Pope
Lv 7
Pope asked in Science & MathematicsMathematics · 10 years ago

Locus of centers of orthogonal spheres?

Two spheres are given:

x² + y² + z² + 14x − 4y − 147 = 0

x² + y² + z² + 4x − 28y - 168z + 6631 = 0

Write a single equation representing the locus of centers of spheres that are orthogonal to both of the given spheres.

2 Answers

Relevance
  • Duke
    Lv 7
    10 years ago
    Favourite answer

    Subtract both equations and simplify to get the required locus:

    5x + 12y + 84z - 3389 = 0.

    This is an equation of a plane, perpendicular to the line, connecting both centers

    Z' (-7, 2, 0) and Z" (-2, 14, 84),

    containing the radical axes of any 2 circles - intersections of both spheres with arbitrary plane through the line, connecting the centers (follow the link below to read a Wiki Article on the subject):

    http://en.wikipedia.org/wiki/Radical_axis

    This plane is a locus of points, having the same power with respect to both spheres (read 'Algebraic construction' Section in the article to get an idea why the equation of the radical axis is obtained by subtracting the equations of both circles - the same approach works in 3D space too).

  • Anonymous
    4 years ago

    I even have reached an identical end as gianlino worked out as below. enable (a, b) be the middle and r1 = radius of the 1st circle and (c, d) be the middle and r2 = radius of the 2nd circle. enable (h, ok) be the middle and r = radius of the variable circle which touches the above 2 circles. => distance of the middle of the variable circle from the middle of the 1st given circle = r + r1 and distance of the middle of the variable circle from the middle of the 2nd given circle = r + r2 => ?[(h - a)^2 + (ok - b)^2] = r + r1 and ?[(h - c)^2 + (ok - d)^2] = r + r2 Subtracting, l ?[(h - a)^2 + (ok - b)^2] - ?[(h - c)^2 + (ok - d)^2] l = l r1 - r2 l changing (h, ok) by (x, y) supplies the locus as l ?[(x - a)^2 + (y - b)^2] - ?[(x - c)^2 + (y - d)^2] l = l r1 - r2 l => Any element P (x, y) on the locus of the curve is such that the constructive super difference of its distances from the facilities of the given circles = constructive super difference of the lengths of the radii of the circles. => the curve is a hyperbola whose foci are the facilities of the given circles and the size of whose transverse axis = (a million/2) l r1 - r2 l.
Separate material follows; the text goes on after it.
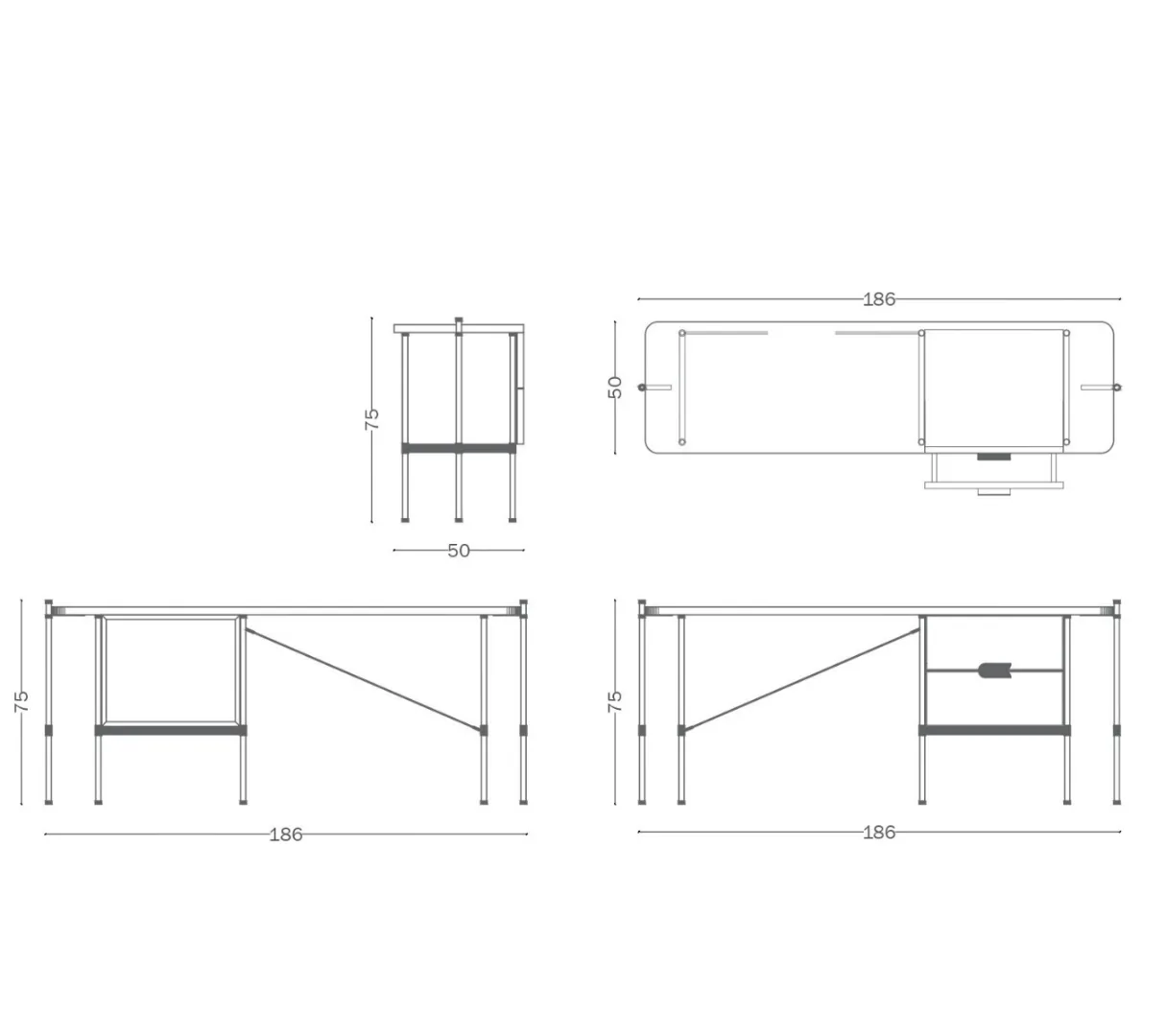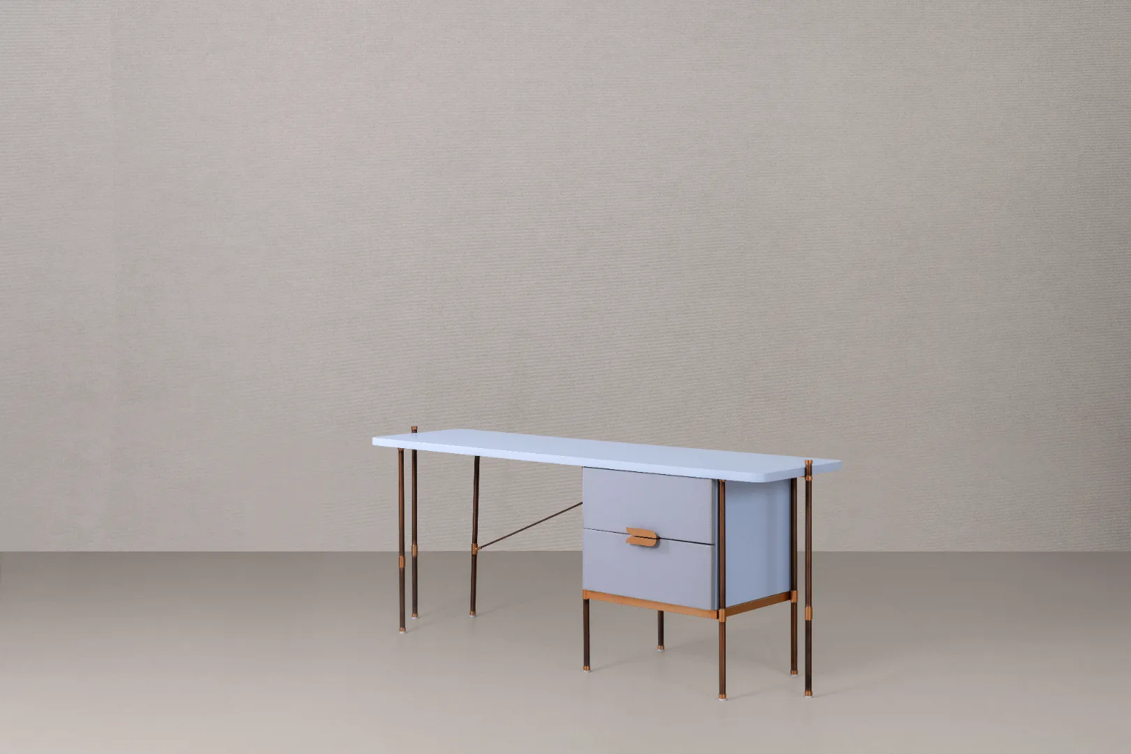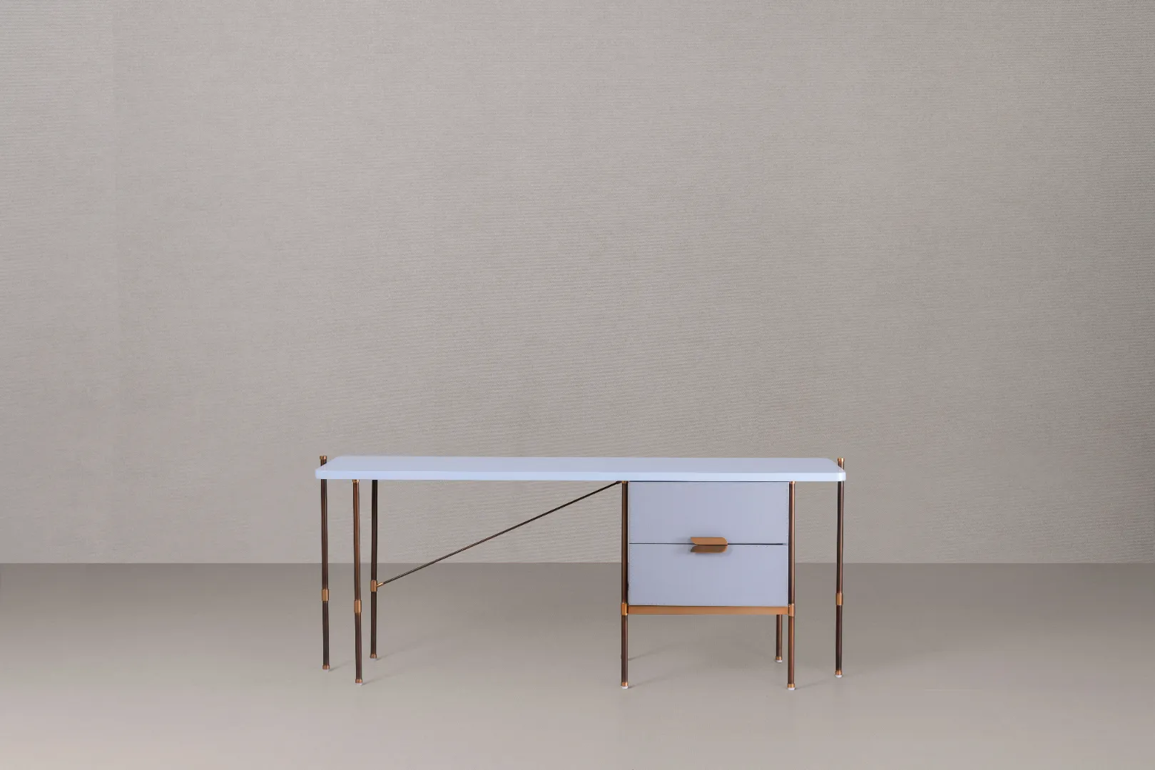 CO.02 is a sleek, refined console desk that combines practicality with style. Its slender metal frame with contrasting details supports a smooth, spacious top, while a two-drawer module ensures efficient organization.

Edit: in reality, from the hyperbola, a factor is lacking mendacity between the intersecting factors of the given 2 circles. So the set of things on the locus does not variety the excellent hyperbola, yet they lie on the hyperbola given by the above equation. additionally, the standards on the locus will lie in ordinary terms on one in all the two arms of the hyperbola and not the two. Edit: contained in right here Wolfram Alpha link, 2 circles with unequal radii and the locus of the facilities of the circles tangent to the two is shown. The factors on one arm of the hyperbola interior the link exterior the two circles variety the locus. Edit: gianlino I study your feedback. I had the circles touching given circles externally in innovations. using fact the asker has not reported it, I agree we could consistently evaluate circles touching the given circles internally as properly as touching one internally and the different externally. pondering this, i will visualize that the standards on hyperbola between the intersecting factors gets lined. in spite of the shown fact that, i could not see how the 2nd branch of hyperbola additionally would be a piece of the locus.

Still have questions? Get answers by asking now.